Sometimes it’s easy to spot these scams a mile away, but as scammers become savvier and technology is making it easier for them to target victims, the threat has risen. It’s imperative to know when you’re being scammed before it happens:

  1. Verify Their Credentials – All investment professionals must register with either FINRA, the Securities and Exchange Commission, or their state's securities or insurance regulator. You can use the FINRA BrokerCheck to verify brokers and investors for free. While you may see positive customer testimonials, and what looks like a well-rounded website, don't forget to read the small print.
  2. Don’t Chase “Phantom Riches” — If it sounds too good to be true, it probably is. It’s sad to say but if you’re promised big profits and guaranteed returns, then it’s most likely a scam. And as much as we would like to say we know what’s going to happen with the market, that’s just not how it works.
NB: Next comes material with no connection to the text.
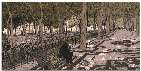 Cette précision quasi photographique ancre l’histoire dans le réel et en fait jaillir toute sa puissance qui sera encore renforcée par le choix des couleurs restituant admirablement l’ambiance toute particulière qui régnait dans la capitale portugaise en soulignant le contraste entre la clarté et la luminosité du soleil qui inondait la ville et le côté sombre de la dictature qui partout y projetait son ombre. Outre le travail sur la lumière, Nicolas Barral, secondé pour la mise en couleurs par sa fille Marie, a su donner une cohérence entre les deux périodes sur lesquelles se déroule le récit en les inscrivant toutes deux dans une atmosphère de nostalgie aigre-douce, passant sans rupture des tons sépia des flash-back aux couleurs du présent par le biais d’une palette de teintes désaturées à dominante d’ocres.

  3. “Everyone's Doing It!” — When you ask for credible reasons why an investment is viable and worth buying and they can’t give you an answer, then it’s probably a scam. This strategy is usually associated with affinity scams, which target members of like-minded groups and social circles. There’s no need to jump on any bandwagons when it comes to your money.
  4. Don’t Be Rushed— Beware when they say this investment is available for a limited amount of time. Still do the proper due diligence and thoroughly research your options. This can be the difference between a great find and being duked.
  5. Never Feel Obligated—If you’re given a freebie, don’t feel like you have to make a decision or buy anything immediately. Scammers like to play on your guilt, but if you don’t want to purchase anything, don’t.  

When encountering investment opportunities, make sure you take your time, do your research, and don’t be afraid to utilize your resources to ensure you are making the best choices to benefit you and your financial life.